For the women who find themselves in an unplanned crisis pregnancy, the “easy” answer is  “just place your child for adoption!” Again, that might be easy for an outsider, but you don’t know what is in the heart of these women. We can say all we want about how much easier for the teenage girl who had to drop out of school to raise her child if she had only placed. We can say it would be easier for the addict to place her child. We can say it would be easier for the woman who already has more children than she can afford to take care of that she should’ve placed. Or the woman in prison. Or the woman who was raped. Or…the list goes on. But you know what?

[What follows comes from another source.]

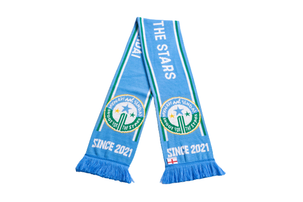 チームエンブレムと今シーズンのスローガン「SHOOT FOR THE STARS」を施したニットマフラーが登場!

We don’t get to judge their stories or tell them what would be an “easier” life for them. This child might be their life, and being a mother might be their identity. Whatever the reason adoption wasn’t for them, it’s okay, and we shouldn’t judge.

For the family members of anyone part of the adoption triad who think adoption shouldn’t have been the path taken, it’s absolutely okay you think this way. But I will caution you to not push your thoughts on people involved in the adoption triad because adoption was for them. This is a situation where agreeing to disagree might be your best bet because, again, your story is not their story, and it’s okay.

Adoption isn’t for everyone, and that’s okay. What’s not okay is judgment and shame if someone takes a different road than you. Tell your own story and be proud of it. That’s certainly okay.